Окончив семинарию с магистерской степенью, сопротивляясь давлению матери, настаивавшей, чтобы он подыскал себе приход, Гёльдерлин смог зацепиться в литературных кругах Йены. Отрывок из его романа «Гиперион», над которым он тогда трудился, опубликовали в журнале, который издавал Шиллер; с самим Шиллером у Гёльдерлина установились почти братские отношения. Поначалу Шиллер относился к этой своей роли вполне тепло и давал Гёльдерлину советы по стихосложению – избегать больших философских тем, что примечательно, – которыми Гёльдерлин пренебрегал. На самом же деле Гёльдерлин искал более непростых и, несомненно, эдиповых отношений с более старшим человеком, которые Шиллеру не были нужны. «Я иногда втайне противлюсь твоему гению, защищая от него свою свободу», – откровенничал Гёльдерлин, и Шиллер в конце концов перестал отвечать ему на письма[69].

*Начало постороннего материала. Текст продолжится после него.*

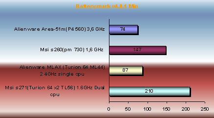 Before commenting the results of chart obtained with BatteryMark,once again we specify that this software simulates a "nice" use of the machine. However, the results of the Turion processors are interesting in more than one way.It should be noted first that the integration of SLI GeForce Go 7900 and the screen 19 inches, Alienware mALX increases the result of Area-51m with almost 15 minutes.the machine has a low battery life

В поисках заработка Гёльдерлин взялся наниматься гувернером с проживанием в дома к состоятельным семьям. Ни один его наем не длился долго – у Гёльдерлина не складывались отношения с детьми, – но второе его место работы, у почтенной франкфуртской семьи, решительно изменило его жизнь. Он влюбился в жену своего работодателя Сюзетт Гонтар, а она – в него. Вынужденный уволиться, Гёльдерлин некоторое время продолжал тайно встречаться с Сюзетт. Однако в 1802 году в тридцать четыре года она подхватила туберкулез и умерла.

Любовные связи между целеустремленными, но нищими юными интеллектуалами и оставленными без внимания женами предпринимателей – вездесущий сюжет романтической беллетристики XIX века. Первый биограф Гёльдерлина Вильгельм Вайблингер изо всех сил постарался встроить Гёльдерлина и Сюзетт в ту же канву: Сюзетт, «молодая женщина… с порывистой душой и пылким, живым нравом», «возгорелась в высшей степени» от «галантности и достоинства [Гёльдерлина], его прекрасных глаз, его молодости, его необычайной проницательности и выдающегося таланта», а также от его умения музицировать и вести беседу[70]. Действительность же выходила за пределы литературных шаблонов. Письма Сюзетт к Гёльдерлину сохранились до наших дней, а также несколько его писем к ней. У читателя этих писем, говорит в биографии 1988 года Дэвид Константин, «сопереживание постоянно смещено в особую печаль и ярость, какая наступает, если наблюдать, как наносится непоправимый ущерб». «Несостоявшиеся отношения Гёльдерлина с Сюзетт Гонтар можно уверенно именовать трагедией»[71].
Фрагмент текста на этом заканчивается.